Box and Jenkins suggested that you use the sample autocorrelation and the sample partial autocorrelation to do this. The approach explicitly assumes:

1. That the correct number of observations are being used. For example, if the model or parameters have changed over time then one might either model these changes or simply use the data from the most recent regime. AUTOBOX a software package that we develop and market does this as part of its tour de force.

2. That the variance of the errors of the underlying model is invariant or constant. This means that the variance for each subgroup of data is the same and doesn't depend on the level or the point in time. If this is violated then one can remedy this by stabilizing the variance. As before aggressive software incorporates these kinds of issues.

3. That there are no deterministic patterns in the data.

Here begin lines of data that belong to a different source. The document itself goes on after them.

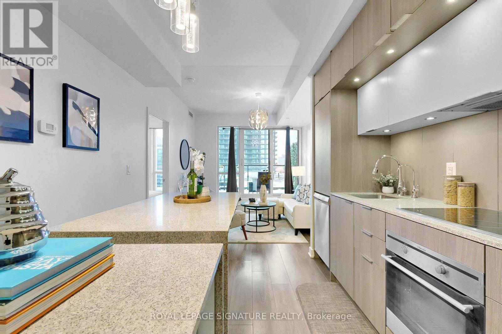 Don't miss the opportunity to own this sun-drenched, Southwest-facing two-bedroom, two-bathroom gem at the prestigious One Park Place. The standout feature is a spectacular spacious private terrace that nearly doubles your living space, offering an incredible unobstructed view of the lush green rooftop and city skyline-the ultimate setting for summer evenings and hosting dinner parties. This functional layout features a spacious primary ensuite, tall ceilings, and floor-to-ceiling windows that highlight the upscale finishes, including engineered flooring, quartz countertops, and stainless steel appliances. Residents enjoy world-class building amenities including a professional-grade gym, basketball court, two squash courts, screening room, party room, and an expansive common courtyard with BBQs. Perfectly situated steps from transit, highways, the waterfront, and the best dining and nightlife Toronto has to offer, this unit comes complete with one parking space and one storage locker. Just move in and enjoy! (id:64974)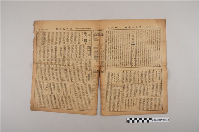 1.本物件為三六九小報社發行《三六九小報》第四百七十二號,發行人為趙雅福,正面為廣告頁,有泰安合資會社、和光醫院、王外科醫院、鴻文活版舍、蘭記書局等廣告;背面雜爼專欄則有「荒唐齋小話」、「黃莘田與徐懶雲」等文章;翻開內頁有說海專欄「街名七星」、滑稽小說「酒徒自述」等文章。2.《三六九小報》發行時間自昭和5年(1930)至昭和10年(1935),旨以刊登戲謔、針砭時事之文,反映當時的社會狀況。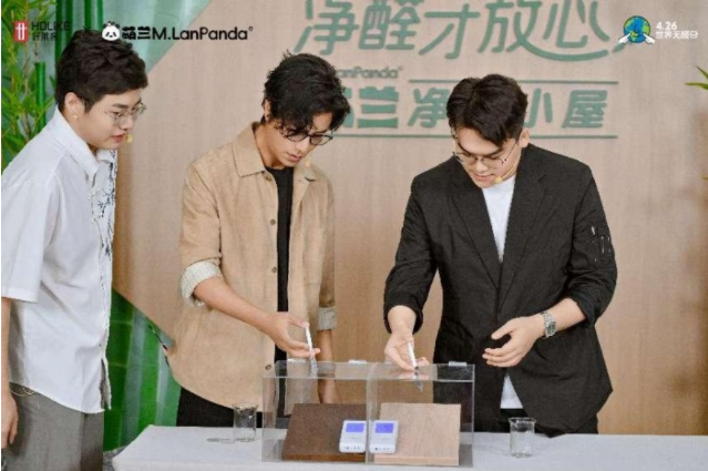 在“世界無醛日”專場直播現場,國寶頂流M.LanPanda萌蘭攜手“竹板推薦團”成員——好萊客全球品牌代言人陳坤、好萊客執行總裁沈竣宇、好萊客竹板推薦官Homie驚喜齊聚好萊客官方直播間,通過凈醛與抗壓實驗花式測竹板,帶領消費者在線見證原態凈醛竹板硬實力。
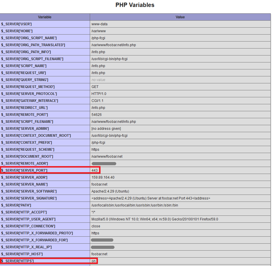 Посмотрите раздел PHP Variables. Для переменной SERVER_PORT задано значение 443 и протокол HTTPS включен, как если бы осуществлялся прямой доступ к Apache через HTTPS. При такой настройке переменных не нужно специально настраивать приложения PHP для работы за обратным прокси-сервером.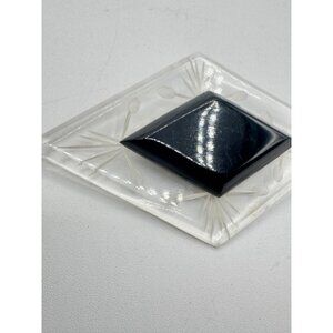Art Deco Vintage Lucite Brooch With Reverse Carved Pattern Diamond Shape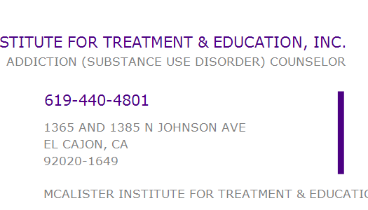 MCALISTER INSTITUTE FOR TREATMENT & EDUCATION, INC.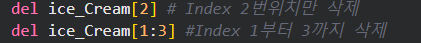 이 추가/삭제 매서드는 거의 모든 목록 자료형에서 쓰기 때문에 알아두시면 차후에 매우 편리합니다.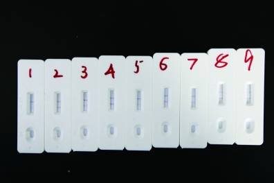 判定:位置C顯示出條帶,位置T同時出現(xiàn)條帶,表明樣品中黃曲霉毒素B1濃度低于限量。檢測卡中出現(xiàn)兩條杠說明樣品符合限量標(biāo)準(zhǔn),即符合GB2761-2011對糧油中黃曲霉毒素B1限量的規(guī)定:稻谷、糙米、大米≤10μg/kg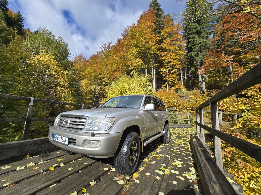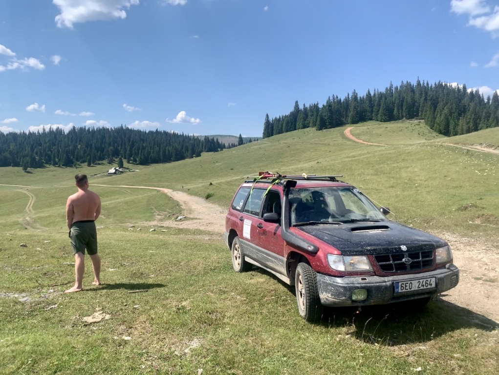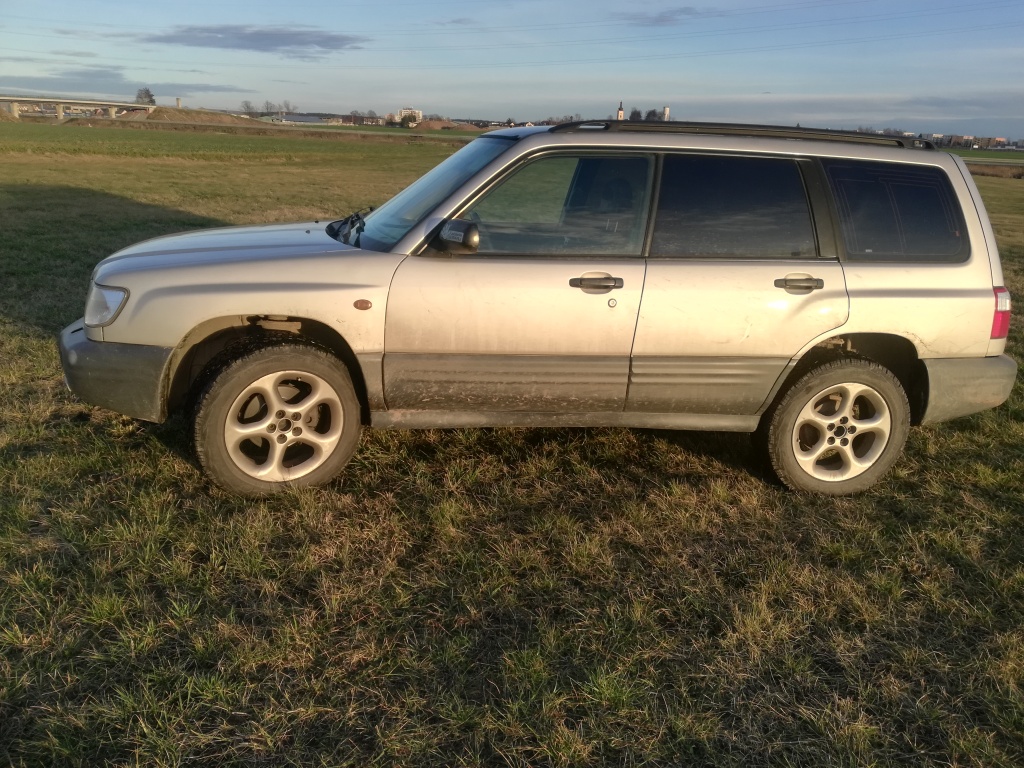 Subaru Forester trochu zvedlej a offroad kola a lana.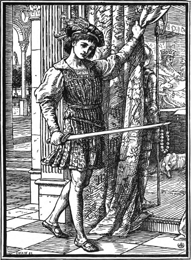 Here's a page of swords with a string of beads on the point of his sword, from The Necklace of Princess Fiorimonde and Other Stories by Mary de Morgan, 1880.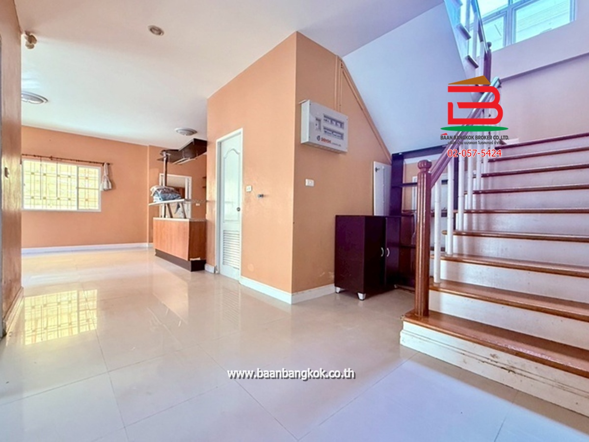 การตกแต่ง : ด้านข้างของบ้านมีบริเวณกว้าง มีต้นไม้ ร่มรื่น และเงียบสงบ ชั้นล่างปูด้วยกระเบื้องแกรนิตโต้ พื้นชั้นบนปูด้วยไม้ปาเก้ ภายในติดมุ้งลวด, เหล็กดัด, ปั้มน้ำ, แท็งค์น้ำ แอร์ 5 เครื่อง ในโครงการมีสิ่งอำนวยความสะดวก อาทิ สนามเด็กเล่น, สระว่ายน้ำ, ฟิตเนส, สโมสร, CCTV, รปภ.24ชม.

For example, there may be a TREND or a number of TRENDS which should be ascribed to dummy variables of the form 1,2,3,....,t or 0,0,0,1,2,3,....,t-3 where a dead time of say 3 periods is appropriate. Also, one must not have any PULSES or one-time unusual values. Additionally, there should be no level or step shifts. Also, no seasonal pulses should be present.

The reason for all of this is that if they do exist then the sample autocorrelation and partial autocorrelation will seem to imply ARIMA structure when not needed (FALSE POSITIVE). Also the presence of these kind of model components can obfuscate or hide structure. For example, a single outlier or pulse can create an "Alice in Wonderland " effect where the structure is masked by the outlier.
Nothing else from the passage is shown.